*** Records provided Section Begins ***

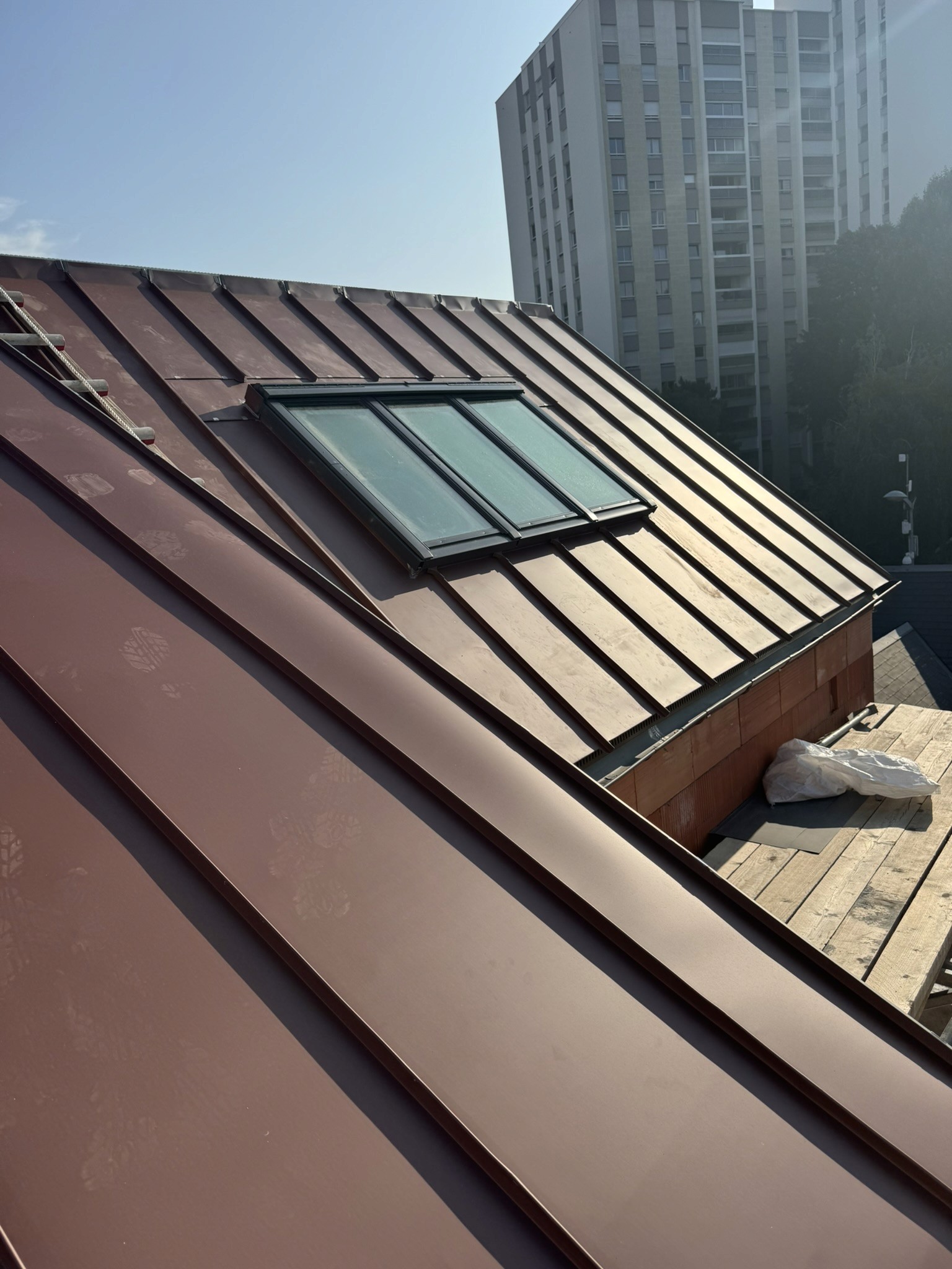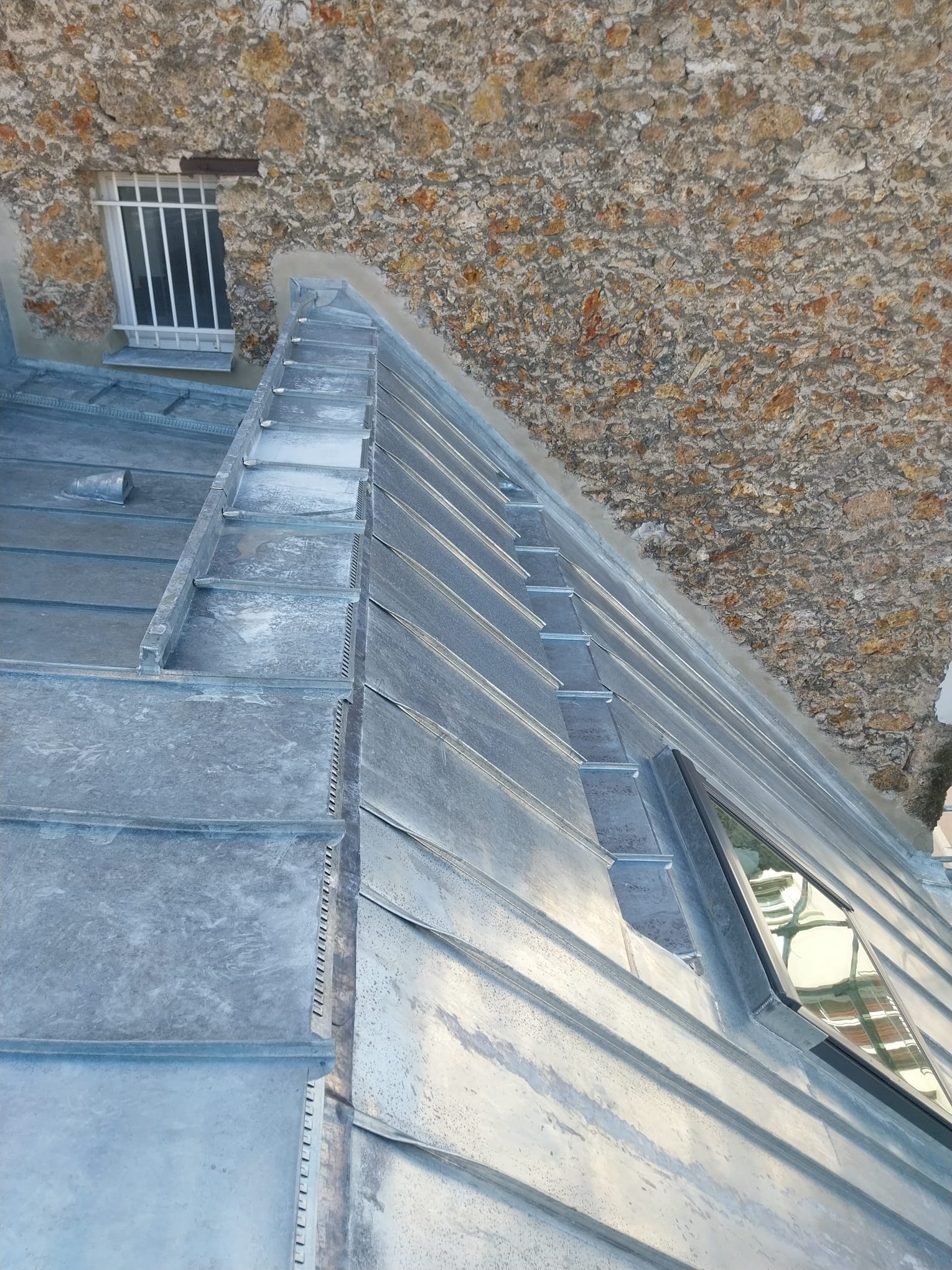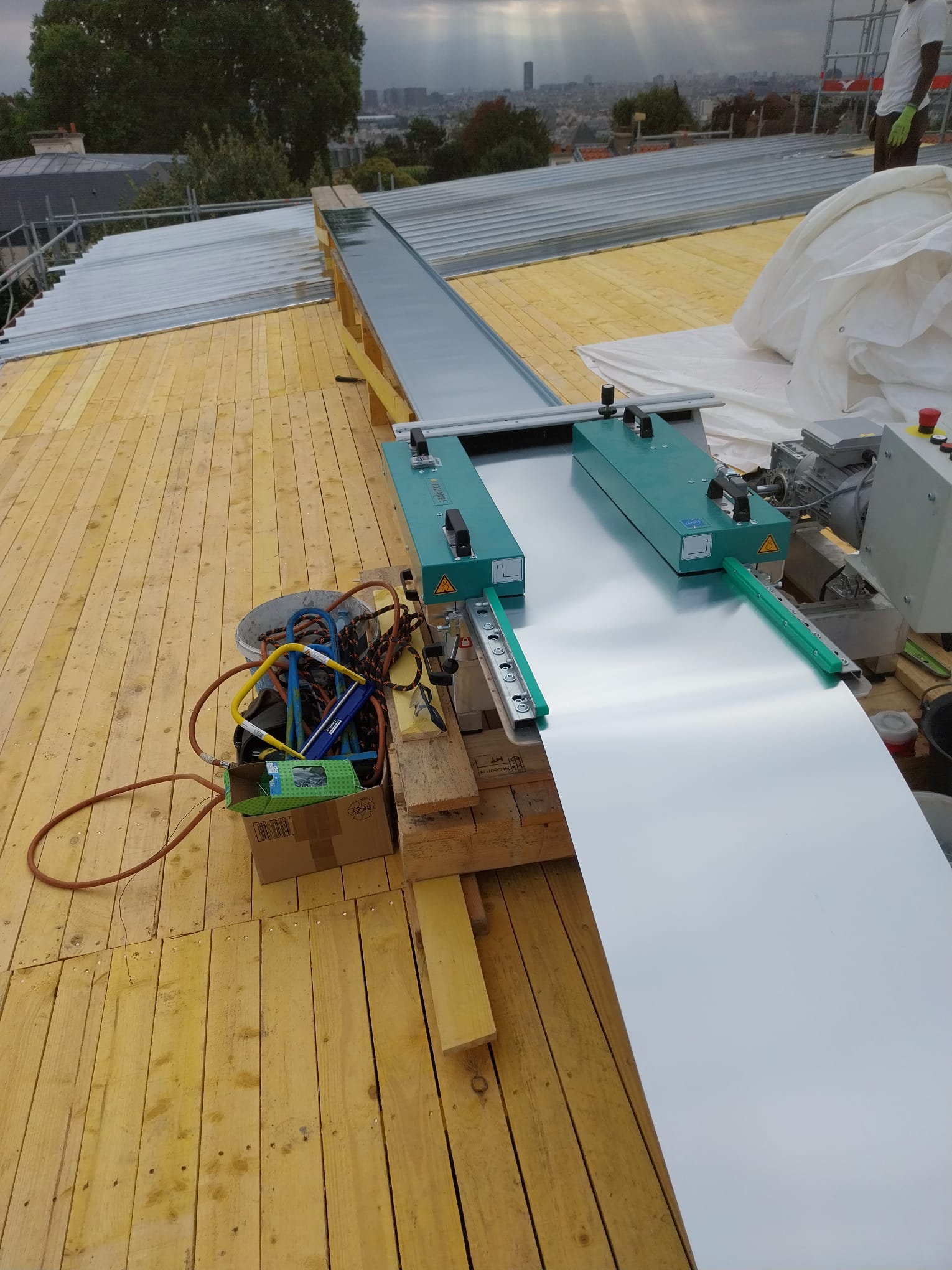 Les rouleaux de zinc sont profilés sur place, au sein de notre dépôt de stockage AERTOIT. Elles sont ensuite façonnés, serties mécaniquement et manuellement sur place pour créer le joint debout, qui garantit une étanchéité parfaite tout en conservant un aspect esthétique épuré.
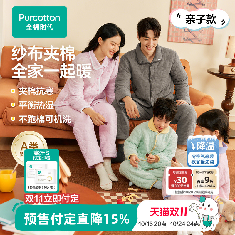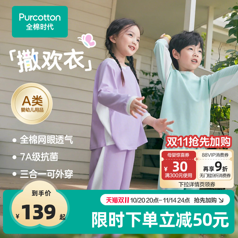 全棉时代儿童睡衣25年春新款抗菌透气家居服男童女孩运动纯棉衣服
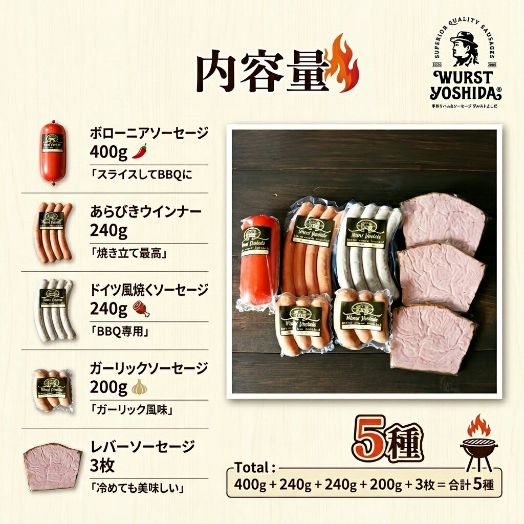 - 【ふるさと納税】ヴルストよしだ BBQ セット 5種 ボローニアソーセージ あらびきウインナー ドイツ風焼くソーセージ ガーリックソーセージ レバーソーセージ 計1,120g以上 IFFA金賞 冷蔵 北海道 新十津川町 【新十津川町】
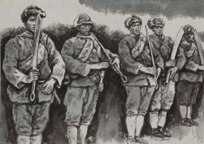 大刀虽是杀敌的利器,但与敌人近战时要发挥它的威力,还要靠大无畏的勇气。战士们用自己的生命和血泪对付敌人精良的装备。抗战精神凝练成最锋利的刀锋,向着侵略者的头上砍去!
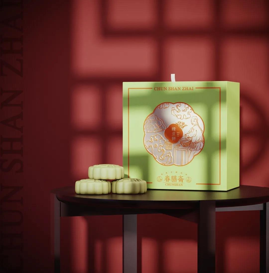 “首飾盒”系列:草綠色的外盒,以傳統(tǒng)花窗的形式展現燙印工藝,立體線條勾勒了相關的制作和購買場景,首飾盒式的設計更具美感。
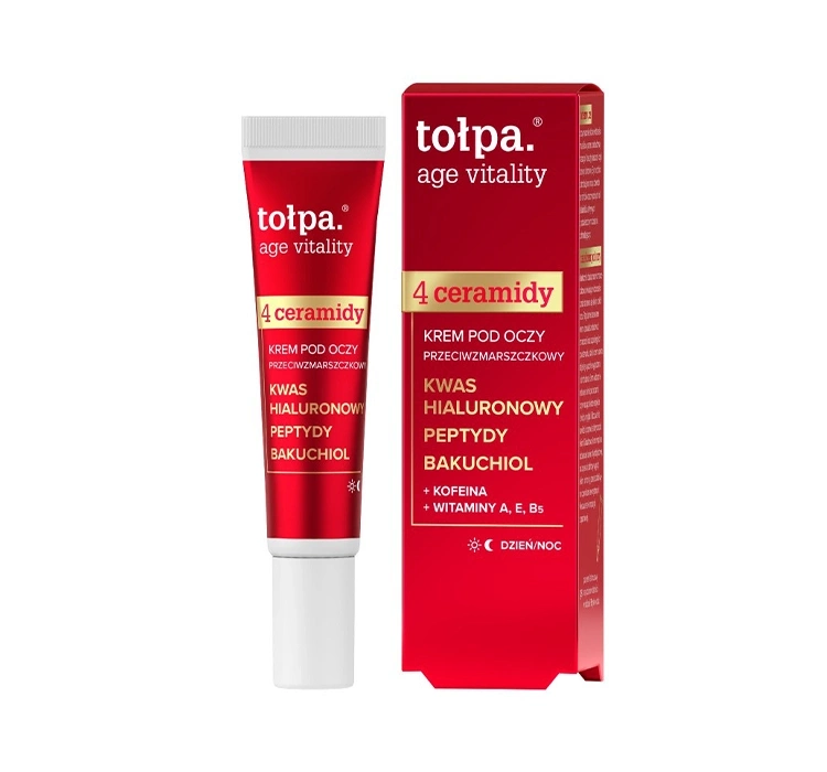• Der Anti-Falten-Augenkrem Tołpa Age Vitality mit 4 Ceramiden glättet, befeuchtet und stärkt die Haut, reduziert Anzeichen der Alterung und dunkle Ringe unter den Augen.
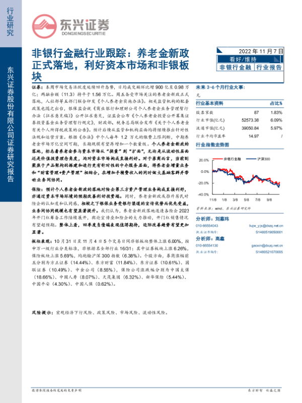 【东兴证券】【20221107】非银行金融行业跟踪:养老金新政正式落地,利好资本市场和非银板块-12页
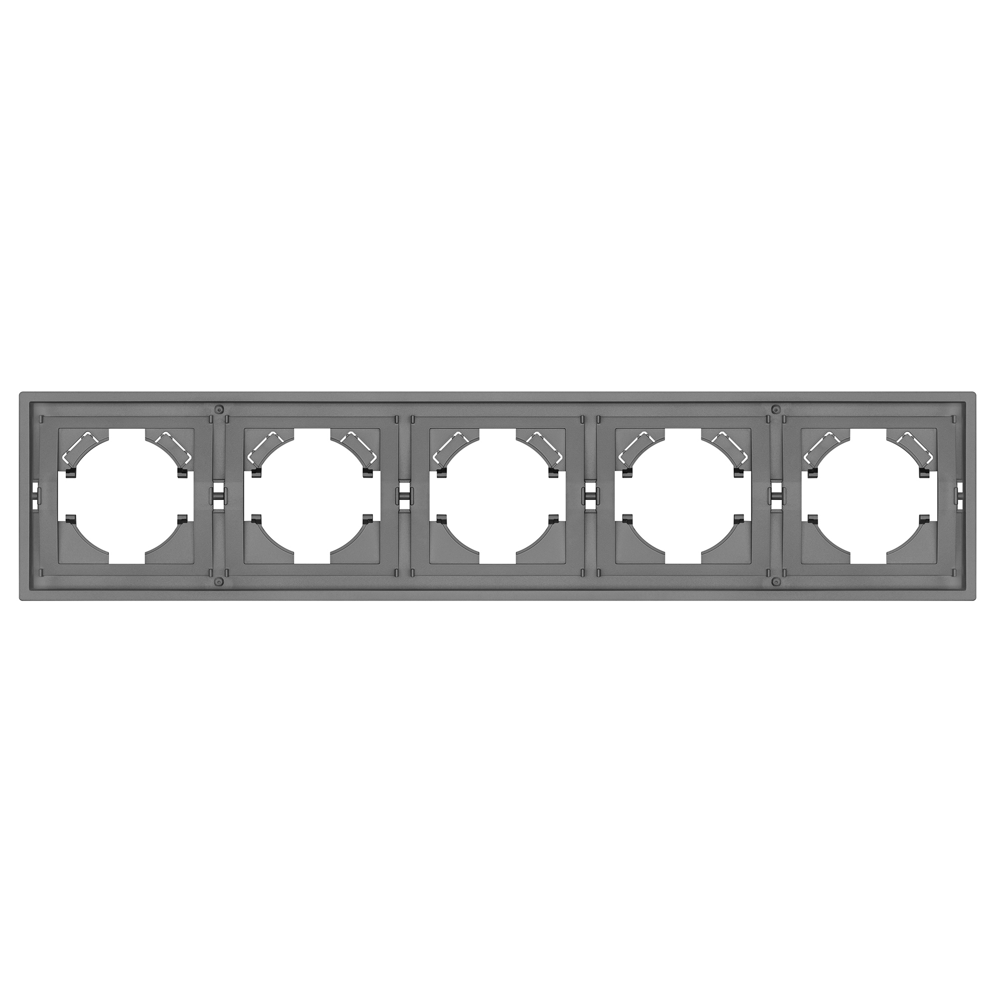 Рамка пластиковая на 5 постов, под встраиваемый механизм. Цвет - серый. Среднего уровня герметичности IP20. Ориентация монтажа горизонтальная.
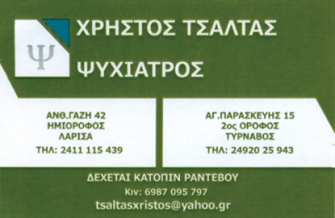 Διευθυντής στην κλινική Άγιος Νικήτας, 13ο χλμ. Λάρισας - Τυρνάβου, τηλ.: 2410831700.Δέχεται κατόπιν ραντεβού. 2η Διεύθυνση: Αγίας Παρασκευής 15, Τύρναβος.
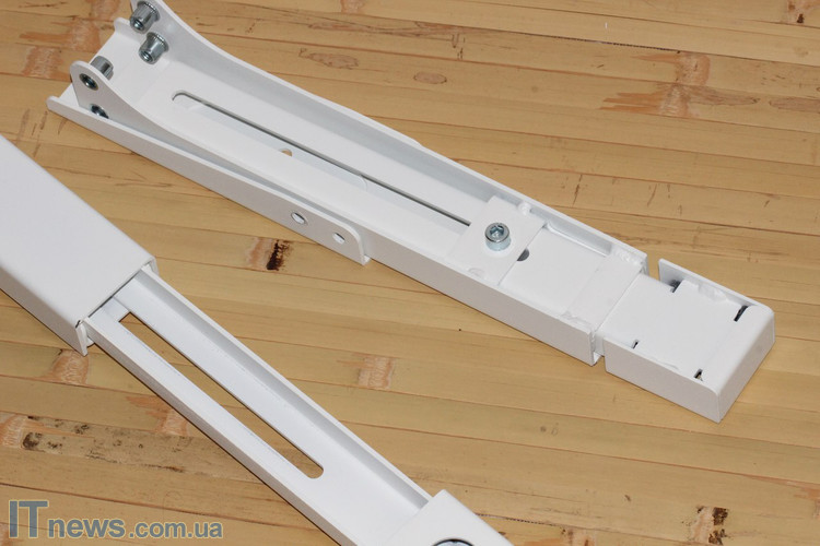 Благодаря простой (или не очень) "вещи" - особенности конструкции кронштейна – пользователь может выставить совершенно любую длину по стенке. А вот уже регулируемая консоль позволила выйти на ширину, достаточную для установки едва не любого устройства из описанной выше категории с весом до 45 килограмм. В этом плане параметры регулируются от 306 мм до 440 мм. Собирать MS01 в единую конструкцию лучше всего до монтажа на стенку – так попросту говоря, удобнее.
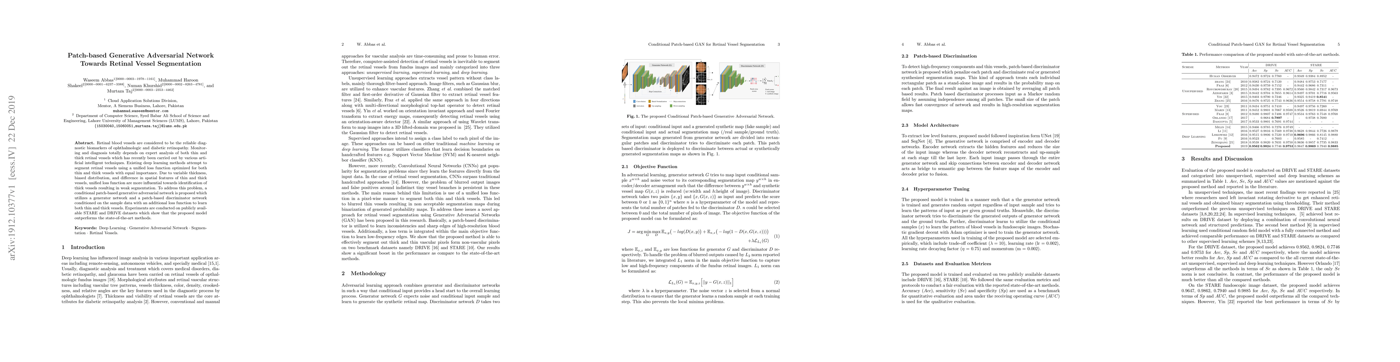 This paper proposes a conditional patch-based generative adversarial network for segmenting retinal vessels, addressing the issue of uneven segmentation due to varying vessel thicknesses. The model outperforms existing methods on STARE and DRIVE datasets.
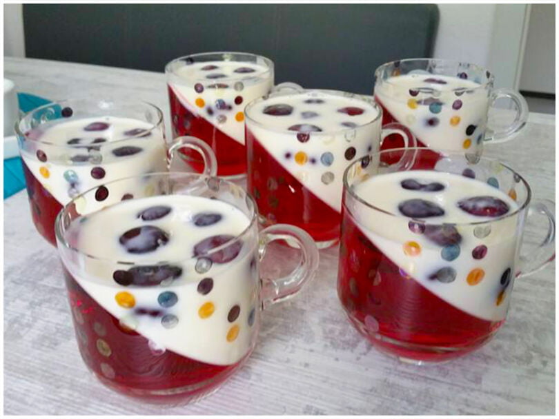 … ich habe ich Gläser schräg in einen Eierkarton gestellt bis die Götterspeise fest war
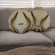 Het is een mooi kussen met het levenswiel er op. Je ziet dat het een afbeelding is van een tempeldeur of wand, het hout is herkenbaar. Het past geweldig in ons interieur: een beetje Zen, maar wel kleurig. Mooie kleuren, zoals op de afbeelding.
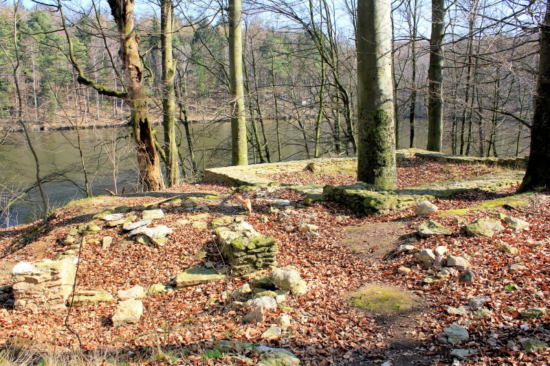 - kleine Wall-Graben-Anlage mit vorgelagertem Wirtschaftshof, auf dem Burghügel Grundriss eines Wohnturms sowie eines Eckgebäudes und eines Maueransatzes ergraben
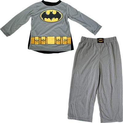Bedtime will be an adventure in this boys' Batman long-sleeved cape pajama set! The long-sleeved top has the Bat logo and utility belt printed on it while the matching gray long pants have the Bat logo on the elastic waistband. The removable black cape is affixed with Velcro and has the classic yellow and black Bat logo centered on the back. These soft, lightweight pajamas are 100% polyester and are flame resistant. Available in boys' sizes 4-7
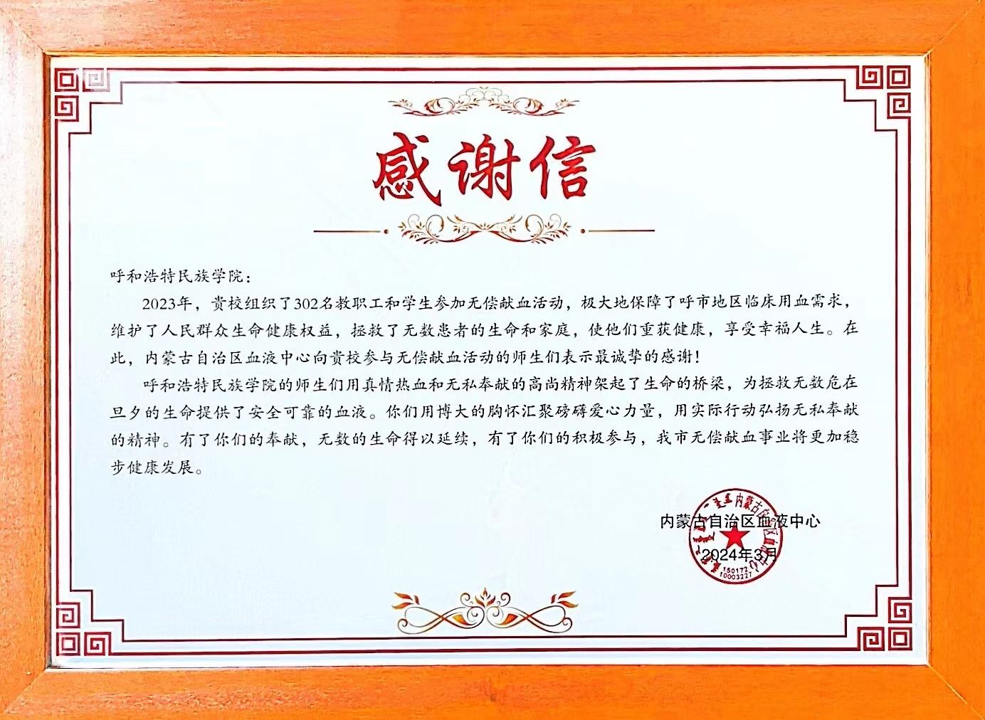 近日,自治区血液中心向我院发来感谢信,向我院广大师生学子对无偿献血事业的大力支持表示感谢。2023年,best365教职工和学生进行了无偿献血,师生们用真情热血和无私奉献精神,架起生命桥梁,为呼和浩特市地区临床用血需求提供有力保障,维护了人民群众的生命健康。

*** Records provided Section Ends ***

→ Exercise objective
Taking the records above, print only and exactly the lines from the line with "Благодаря простой (или" to the line with "This paper proposes", both kept, and exclude pictures.

→ The completed task
 Благодаря простой (или не очень) "вещи" - особенности конструкции кронштейна – пользователь может выставить совершенно любую длину по стенке. А вот уже регулируемая консоль позволила выйти на ширину, достаточную для установки едва не любого устройства из описанной выше категории с весом до 45 килограмм. В этом плане параметры регулируются от 306 мм до 440 мм. Собирать MS01 в единую конструкцию лучше всего до монтажа на стенку – так попросту говоря, удобнее.
 This paper proposes a conditional patch-based generative adversarial network for segmenting retinal vessels, addressing the issue of uneven segmentation due to varying vessel thicknesses. The model outperforms existing methods on STARE and DRIVE datasets.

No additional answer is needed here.